## [Records for the exercise]
++++
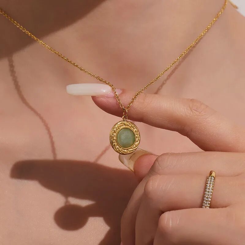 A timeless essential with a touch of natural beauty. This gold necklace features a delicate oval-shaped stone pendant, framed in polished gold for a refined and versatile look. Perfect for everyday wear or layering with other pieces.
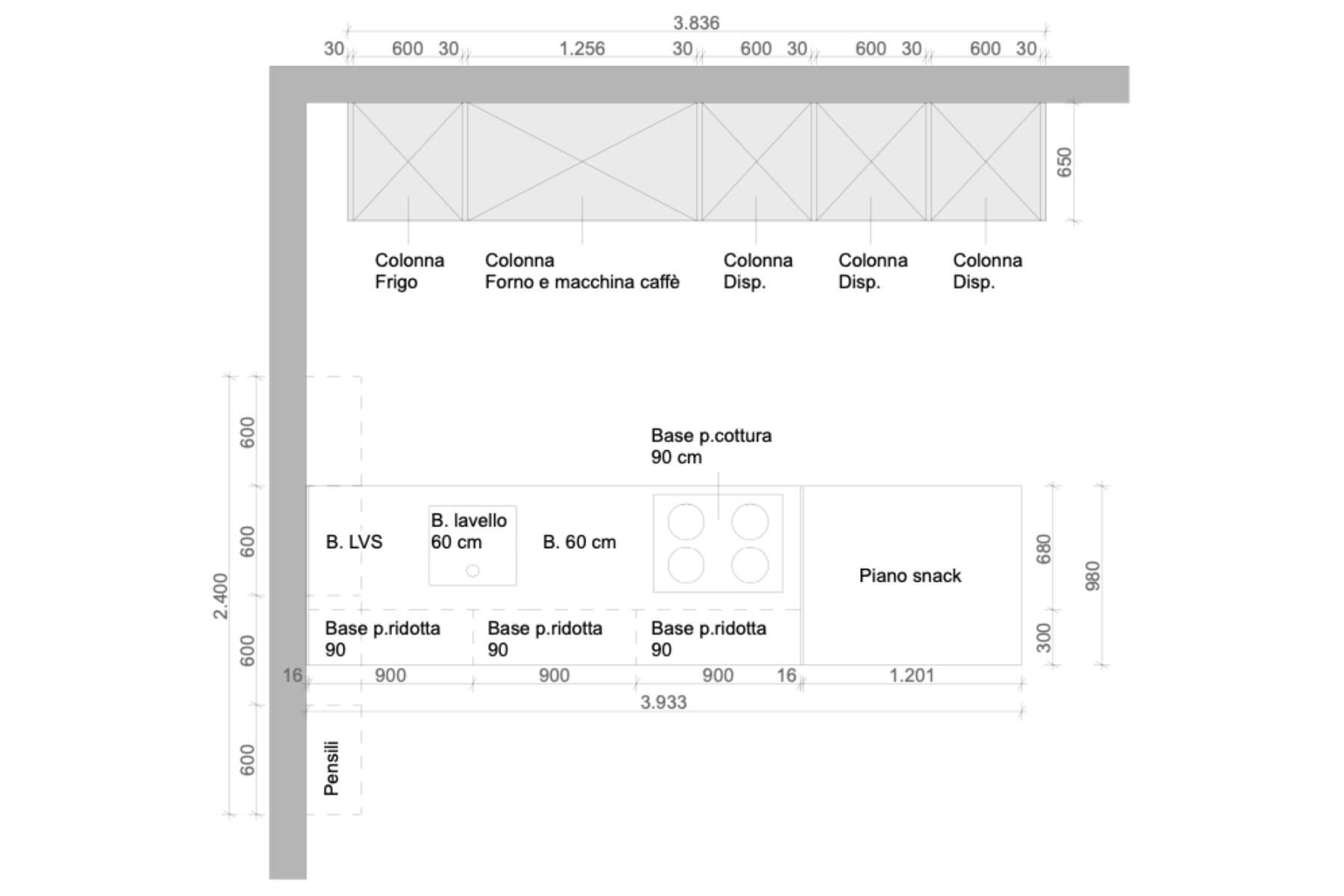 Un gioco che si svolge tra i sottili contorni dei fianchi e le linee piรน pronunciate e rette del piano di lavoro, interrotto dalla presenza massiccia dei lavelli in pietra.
++++
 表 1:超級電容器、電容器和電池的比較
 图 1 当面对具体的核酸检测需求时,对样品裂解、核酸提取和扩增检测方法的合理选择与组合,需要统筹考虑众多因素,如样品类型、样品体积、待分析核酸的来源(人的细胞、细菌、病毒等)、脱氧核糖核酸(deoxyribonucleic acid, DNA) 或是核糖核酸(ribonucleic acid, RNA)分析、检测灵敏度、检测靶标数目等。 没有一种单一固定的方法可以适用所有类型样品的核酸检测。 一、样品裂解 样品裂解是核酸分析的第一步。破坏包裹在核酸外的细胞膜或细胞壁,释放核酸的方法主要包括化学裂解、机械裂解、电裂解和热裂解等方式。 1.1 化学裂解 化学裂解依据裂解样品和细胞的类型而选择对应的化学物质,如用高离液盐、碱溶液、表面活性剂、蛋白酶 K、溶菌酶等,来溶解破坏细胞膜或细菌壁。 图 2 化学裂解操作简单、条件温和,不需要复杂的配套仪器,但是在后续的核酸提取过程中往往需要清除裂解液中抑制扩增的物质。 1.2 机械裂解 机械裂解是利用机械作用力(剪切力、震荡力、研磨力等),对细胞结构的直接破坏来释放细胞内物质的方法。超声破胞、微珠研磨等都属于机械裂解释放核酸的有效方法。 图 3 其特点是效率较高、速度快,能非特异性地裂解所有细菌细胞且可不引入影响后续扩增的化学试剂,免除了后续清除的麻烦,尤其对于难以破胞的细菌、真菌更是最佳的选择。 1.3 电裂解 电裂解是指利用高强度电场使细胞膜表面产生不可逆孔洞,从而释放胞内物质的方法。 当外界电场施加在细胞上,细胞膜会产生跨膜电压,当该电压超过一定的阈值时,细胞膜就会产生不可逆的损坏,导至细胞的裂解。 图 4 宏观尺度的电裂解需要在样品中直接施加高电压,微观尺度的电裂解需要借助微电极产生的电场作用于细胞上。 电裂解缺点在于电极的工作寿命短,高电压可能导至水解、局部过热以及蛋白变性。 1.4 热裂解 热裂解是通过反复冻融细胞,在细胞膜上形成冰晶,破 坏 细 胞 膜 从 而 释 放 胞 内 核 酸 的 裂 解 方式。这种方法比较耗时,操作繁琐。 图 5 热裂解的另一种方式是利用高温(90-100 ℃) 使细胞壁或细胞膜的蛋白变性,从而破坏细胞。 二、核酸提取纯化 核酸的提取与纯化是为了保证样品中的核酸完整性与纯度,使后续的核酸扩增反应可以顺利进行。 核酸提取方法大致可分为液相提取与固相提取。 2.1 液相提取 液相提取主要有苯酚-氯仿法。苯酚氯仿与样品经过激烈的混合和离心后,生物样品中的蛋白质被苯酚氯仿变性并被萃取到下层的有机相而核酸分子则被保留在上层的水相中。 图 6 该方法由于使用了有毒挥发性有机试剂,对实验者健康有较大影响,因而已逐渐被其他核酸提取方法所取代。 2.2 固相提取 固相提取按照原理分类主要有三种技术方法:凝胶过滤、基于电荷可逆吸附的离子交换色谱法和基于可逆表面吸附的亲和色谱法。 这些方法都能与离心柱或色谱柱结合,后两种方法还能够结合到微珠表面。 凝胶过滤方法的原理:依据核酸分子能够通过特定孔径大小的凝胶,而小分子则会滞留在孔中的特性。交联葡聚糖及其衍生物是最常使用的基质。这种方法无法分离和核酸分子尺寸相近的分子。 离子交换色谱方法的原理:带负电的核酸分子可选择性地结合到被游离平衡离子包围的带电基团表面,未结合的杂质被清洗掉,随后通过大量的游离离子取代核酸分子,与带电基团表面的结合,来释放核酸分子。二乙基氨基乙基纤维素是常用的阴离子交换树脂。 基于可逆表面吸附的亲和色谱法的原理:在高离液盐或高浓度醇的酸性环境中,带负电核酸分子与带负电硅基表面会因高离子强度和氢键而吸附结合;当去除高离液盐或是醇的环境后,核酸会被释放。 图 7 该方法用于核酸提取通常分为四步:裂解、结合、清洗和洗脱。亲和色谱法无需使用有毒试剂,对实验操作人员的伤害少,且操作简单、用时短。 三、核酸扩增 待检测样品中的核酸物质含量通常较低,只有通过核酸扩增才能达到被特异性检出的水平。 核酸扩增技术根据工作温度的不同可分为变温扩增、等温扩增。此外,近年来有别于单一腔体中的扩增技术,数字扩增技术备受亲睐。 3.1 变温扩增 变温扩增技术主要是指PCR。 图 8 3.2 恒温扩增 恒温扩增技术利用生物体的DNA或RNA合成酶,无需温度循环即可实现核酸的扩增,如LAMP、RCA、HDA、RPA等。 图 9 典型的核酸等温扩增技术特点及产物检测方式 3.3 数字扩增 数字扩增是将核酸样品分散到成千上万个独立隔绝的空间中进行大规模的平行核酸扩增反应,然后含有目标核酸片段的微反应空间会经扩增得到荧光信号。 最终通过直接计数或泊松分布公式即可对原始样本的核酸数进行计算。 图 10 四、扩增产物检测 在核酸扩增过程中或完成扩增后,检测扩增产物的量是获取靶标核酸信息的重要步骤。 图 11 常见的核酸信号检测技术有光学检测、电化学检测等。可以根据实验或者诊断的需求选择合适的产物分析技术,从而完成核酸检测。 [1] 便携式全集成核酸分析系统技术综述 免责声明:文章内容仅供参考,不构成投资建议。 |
++++
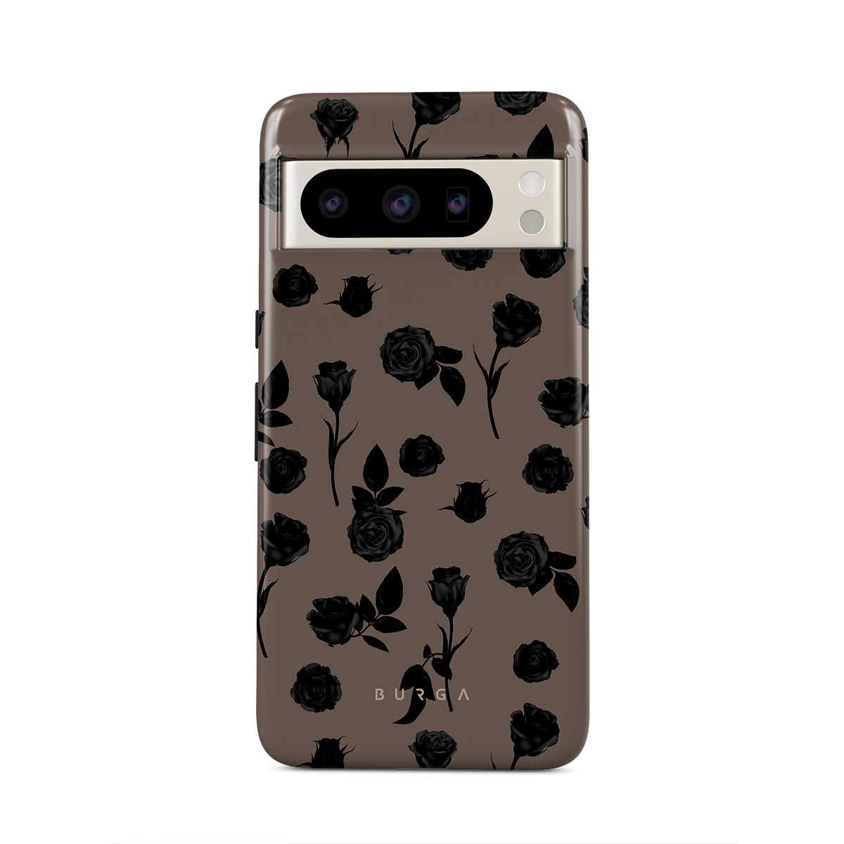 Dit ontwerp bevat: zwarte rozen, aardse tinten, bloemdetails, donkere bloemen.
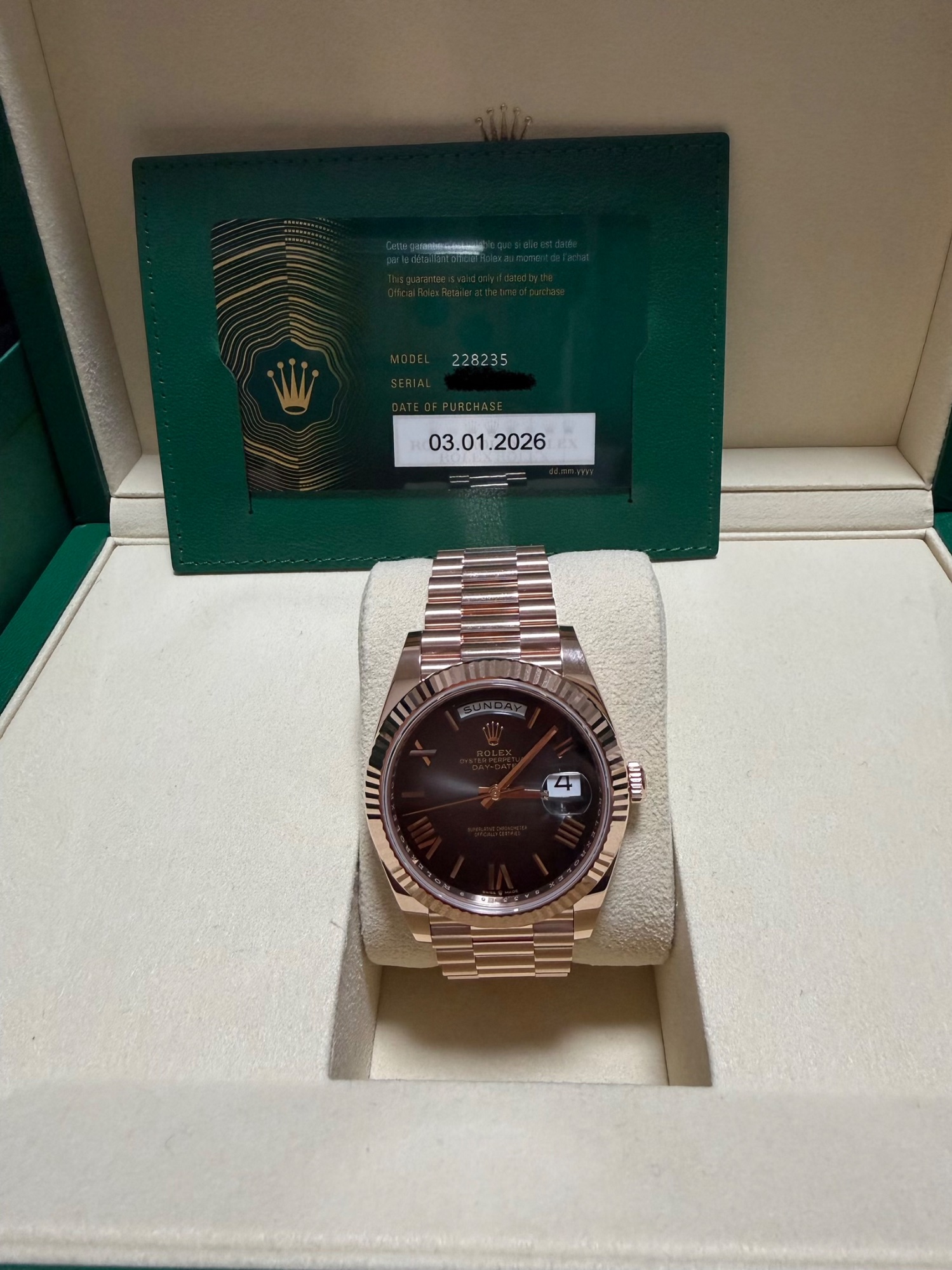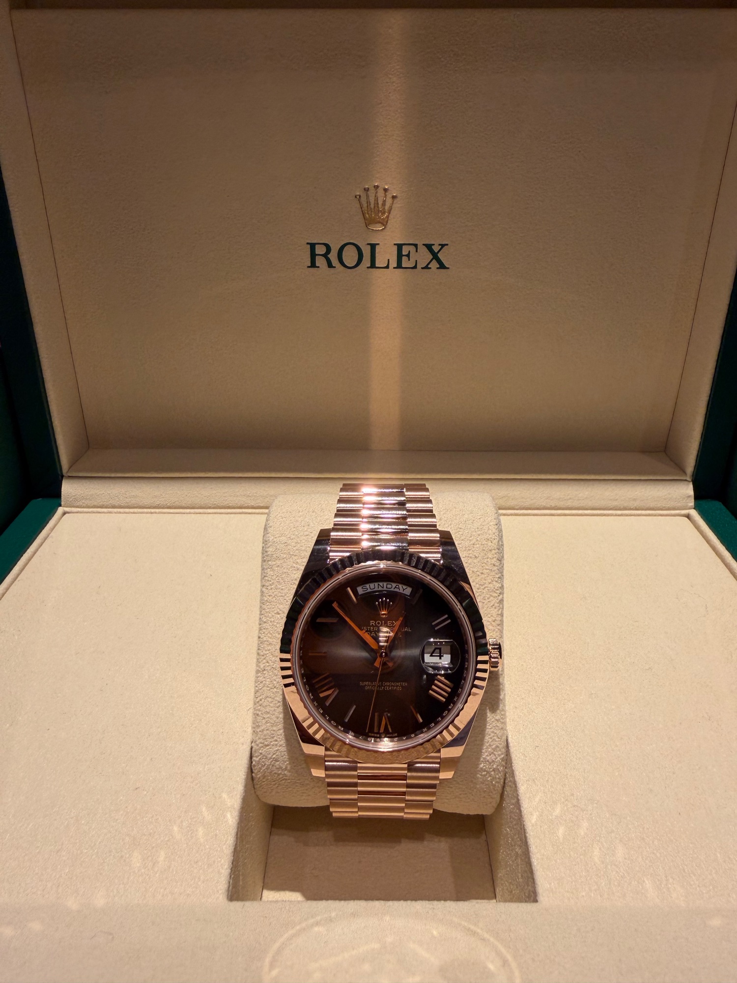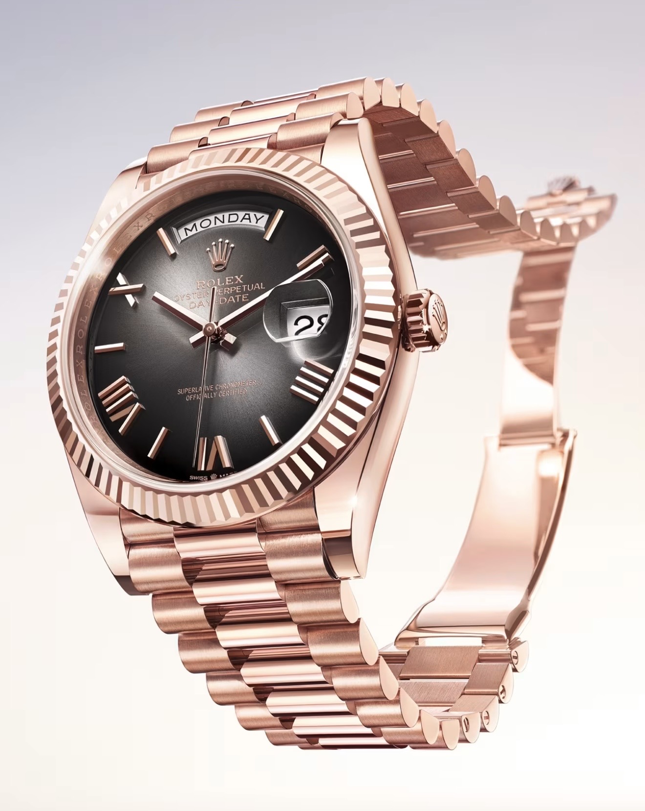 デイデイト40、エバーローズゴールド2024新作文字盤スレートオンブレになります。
++++
In the records above, copy exactly everything from the line that has "A timeless essential" down to the line that has "Un gioco che", both ends included, and leave out the pictures.

 A timeless essential with a touch of natural beauty. This gold necklace features a delicate oval-shaped stone pendant, framed in polished gold for a refined and versatile look. Perfect for everyday wear or layering with other pieces.
 Un gioco che si svolge tra i sottili contorni dei fianchi e le linee piรน pronunciate e rette del piano di lavoro, interrotto dalla presenza massiccia dei lavelli in pietra.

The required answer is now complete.